(WORK INSTRUCTION)
An exact transcription of all the records, free of pictures, is the expected answer.

Records from a data collection
==*==
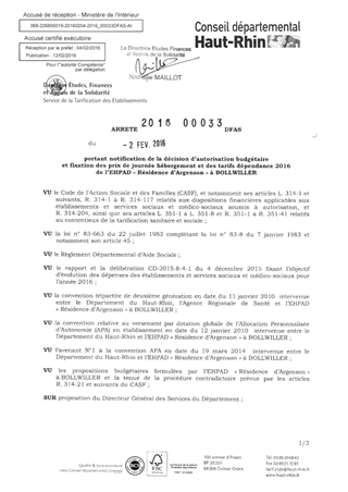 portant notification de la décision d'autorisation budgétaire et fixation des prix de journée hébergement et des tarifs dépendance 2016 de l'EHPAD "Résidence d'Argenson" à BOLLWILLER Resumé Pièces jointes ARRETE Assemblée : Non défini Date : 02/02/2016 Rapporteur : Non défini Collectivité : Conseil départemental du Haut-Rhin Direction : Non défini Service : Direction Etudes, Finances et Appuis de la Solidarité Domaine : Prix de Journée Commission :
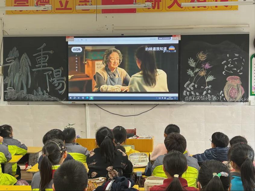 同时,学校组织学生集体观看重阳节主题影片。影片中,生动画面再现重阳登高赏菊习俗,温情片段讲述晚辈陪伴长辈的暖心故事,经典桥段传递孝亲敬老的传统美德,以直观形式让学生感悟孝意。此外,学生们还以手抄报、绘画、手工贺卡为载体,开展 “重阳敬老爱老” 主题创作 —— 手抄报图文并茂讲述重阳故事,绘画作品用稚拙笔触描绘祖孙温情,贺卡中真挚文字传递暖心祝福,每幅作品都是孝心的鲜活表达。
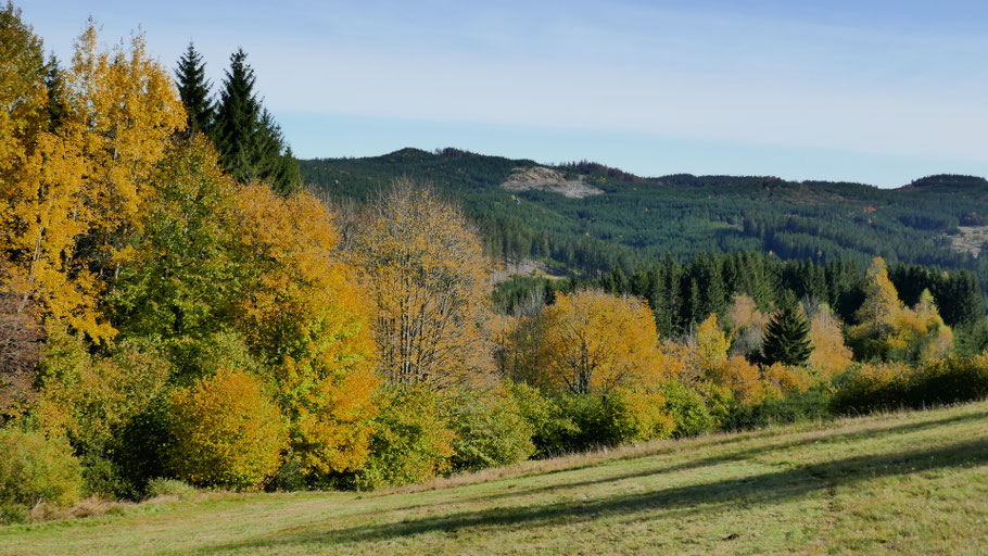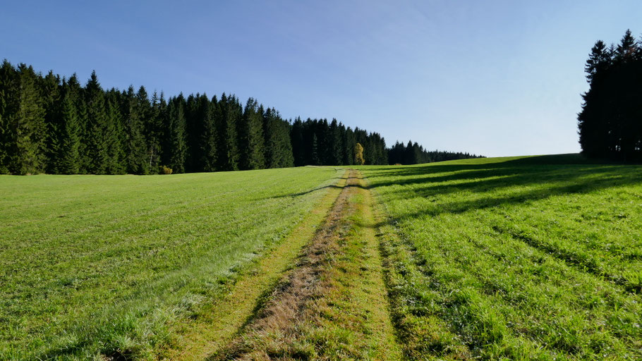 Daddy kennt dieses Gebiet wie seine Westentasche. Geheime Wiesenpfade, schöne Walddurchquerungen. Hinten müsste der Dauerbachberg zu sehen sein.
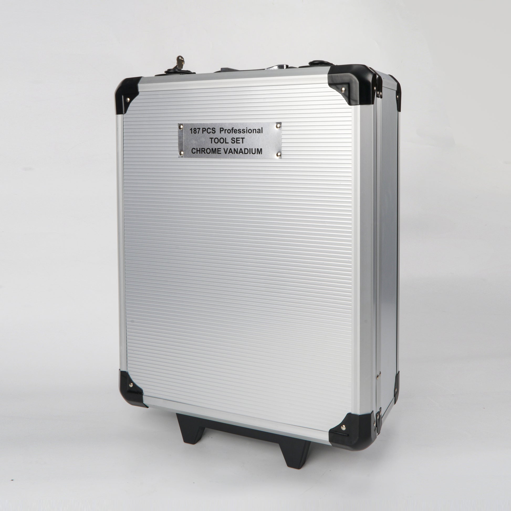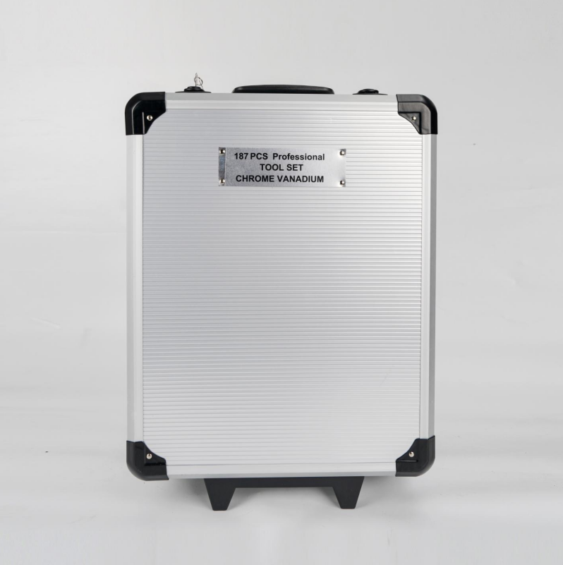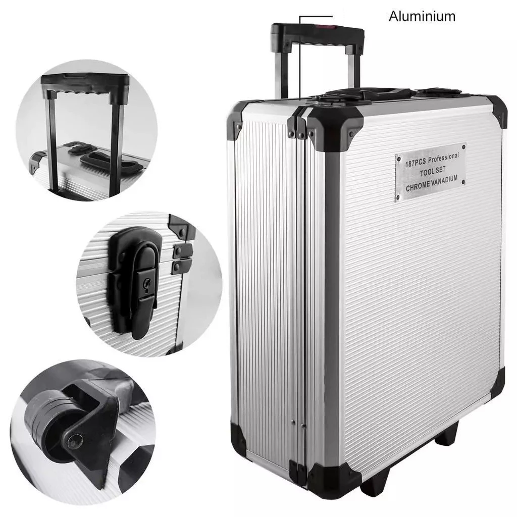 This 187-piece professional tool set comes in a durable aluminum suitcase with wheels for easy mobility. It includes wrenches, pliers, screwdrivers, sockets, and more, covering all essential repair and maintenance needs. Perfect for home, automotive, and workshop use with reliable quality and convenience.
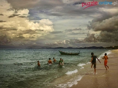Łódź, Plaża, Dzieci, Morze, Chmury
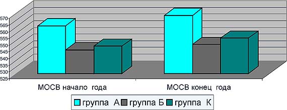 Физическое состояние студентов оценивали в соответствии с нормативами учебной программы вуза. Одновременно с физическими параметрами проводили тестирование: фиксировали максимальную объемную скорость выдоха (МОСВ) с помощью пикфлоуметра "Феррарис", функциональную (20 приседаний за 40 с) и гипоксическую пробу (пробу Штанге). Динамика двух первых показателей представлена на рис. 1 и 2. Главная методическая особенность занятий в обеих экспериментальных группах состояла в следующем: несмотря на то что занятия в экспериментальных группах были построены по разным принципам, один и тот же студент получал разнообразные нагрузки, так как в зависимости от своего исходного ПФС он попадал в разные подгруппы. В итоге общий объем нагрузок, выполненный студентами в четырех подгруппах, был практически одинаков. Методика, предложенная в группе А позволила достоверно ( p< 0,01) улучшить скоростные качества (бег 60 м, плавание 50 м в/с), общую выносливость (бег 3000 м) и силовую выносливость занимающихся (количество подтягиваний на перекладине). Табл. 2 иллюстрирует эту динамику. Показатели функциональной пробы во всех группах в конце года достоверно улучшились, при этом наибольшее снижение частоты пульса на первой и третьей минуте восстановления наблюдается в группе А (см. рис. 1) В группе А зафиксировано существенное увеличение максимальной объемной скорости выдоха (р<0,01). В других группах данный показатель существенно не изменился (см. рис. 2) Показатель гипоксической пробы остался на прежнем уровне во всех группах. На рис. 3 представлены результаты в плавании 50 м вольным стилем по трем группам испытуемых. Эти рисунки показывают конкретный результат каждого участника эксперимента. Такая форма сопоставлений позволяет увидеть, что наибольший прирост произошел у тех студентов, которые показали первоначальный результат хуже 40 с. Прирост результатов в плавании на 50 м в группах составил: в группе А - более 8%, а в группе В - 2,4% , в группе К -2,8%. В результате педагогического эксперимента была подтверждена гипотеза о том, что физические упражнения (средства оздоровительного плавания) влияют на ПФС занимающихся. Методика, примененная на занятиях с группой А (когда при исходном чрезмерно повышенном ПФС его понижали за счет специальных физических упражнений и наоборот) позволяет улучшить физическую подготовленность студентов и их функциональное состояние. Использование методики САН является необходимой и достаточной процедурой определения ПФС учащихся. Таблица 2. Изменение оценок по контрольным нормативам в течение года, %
==*==
(EXERCISE ANSWER)
 portant notification de la décision d'autorisation budgétaire et fixation des prix de journée hébergement et des tarifs dépendance 2016 de l'EHPAD "Résidence d'Argenson" à BOLLWILLER Resumé Pièces jointes ARRETE Assemblée : Non défini Date : 02/02/2016 Rapporteur : Non défini Collectivité : Conseil départemental du Haut-Rhin Direction : Non défini Service : Direction Etudes, Finances et Appuis de la Solidarité Domaine : Prix de Journée Commission :
 同时,学校组织学生集体观看重阳节主题影片。影片中,生动画面再现重阳登高赏菊习俗,温情片段讲述晚辈陪伴长辈的暖心故事,经典桥段传递孝亲敬老的传统美德,以直观形式让学生感悟孝意。此外,学生们还以手抄报、绘画、手工贺卡为载体,开展 “重阳敬老爱老” 主题创作 —— 手抄报图文并茂讲述重阳故事,绘画作品用稚拙笔触描绘祖孙温情,贺卡中真挚文字传递暖心祝福,每幅作品都是孝心的鲜活表达。
 Daddy kennt dieses Gebiet wie seine Westentasche. Geheime Wiesenpfade, schöne Walddurchquerungen. Hinten müsste der Dauerbachberg zu sehen sein.
 This 187-piece professional tool set comes in a durable aluminum suitcase with wheels for easy mobility. It includes wrenches, pliers, screwdrivers, sockets, and more, covering all essential repair and maintenance needs. Perfect for home, automotive, and workshop use with reliable quality and convenience.
Łódź, Plaża, Dzieci, Morze, Chmury
 Физическое состояние студентов оценивали в соответствии с нормативами учебной программы вуза. Одновременно с физическими параметрами проводили тестирование: фиксировали максимальную объемную скорость выдоха (МОСВ) с помощью пикфлоуметра "Феррарис", функциональную (20 приседаний за 40 с) и гипоксическую пробу (пробу Штанге). Динамика двух первых показателей представлена на рис. 1 и 2. Главная методическая особенность занятий в обеих экспериментальных группах состояла в следующем: несмотря на то что занятия в экспериментальных группах были построены по разным принципам, один и тот же студент получал разнообразные нагрузки, так как в зависимости от своего исходного ПФС он попадал в разные подгруппы. В итоге общий объем нагрузок, выполненный студентами в четырех подгруппах, был практически одинаков. Методика, предложенная в группе А позволила достоверно ( p< 0,01) улучшить скоростные качества (бег 60 м, плавание 50 м в/с), общую выносливость (бег 3000 м) и силовую выносливость занимающихся (количество подтягиваний на перекладине). Табл. 2 иллюстрирует эту динамику. Показатели функциональной пробы во всех группах в конце года достоверно улучшились, при этом наибольшее снижение частоты пульса на первой и третьей минуте восстановления наблюдается в группе А (см. рис. 1) В группе А зафиксировано существенное увеличение максимальной объемной скорости выдоха (р<0,01). В других группах данный показатель существенно не изменился (см. рис. 2) Показатель гипоксической пробы остался на прежнем уровне во всех группах. На рис. 3 представлены результаты в плавании 50 м вольным стилем по трем группам испытуемых. Эти рисунки показывают конкретный результат каждого участника эксперимента. Такая форма сопоставлений позволяет увидеть, что наибольший прирост произошел у тех студентов, которые показали первоначальный результат хуже 40 с. Прирост результатов в плавании на 50 м в группах составил: в группе А - более 8%, а в группе В - 2,4% , в группе К -2,8%. В результате педагогического эксперимента была подтверждена гипотеза о том, что физические упражнения (средства оздоровительного плавания) влияют на ПФС занимающихся. Методика, примененная на занятиях с группой А (когда при исходном чрезмерно повышенном ПФС его понижали за счет специальных физических упражнений и наоборот) позволяет улучшить физическую подготовленность студентов и их функциональное состояние. Использование методики САН является необходимой и достаточной процедурой определения ПФС учащихся. Таблица 2. Изменение оценок по контрольным нормативам в течение года, %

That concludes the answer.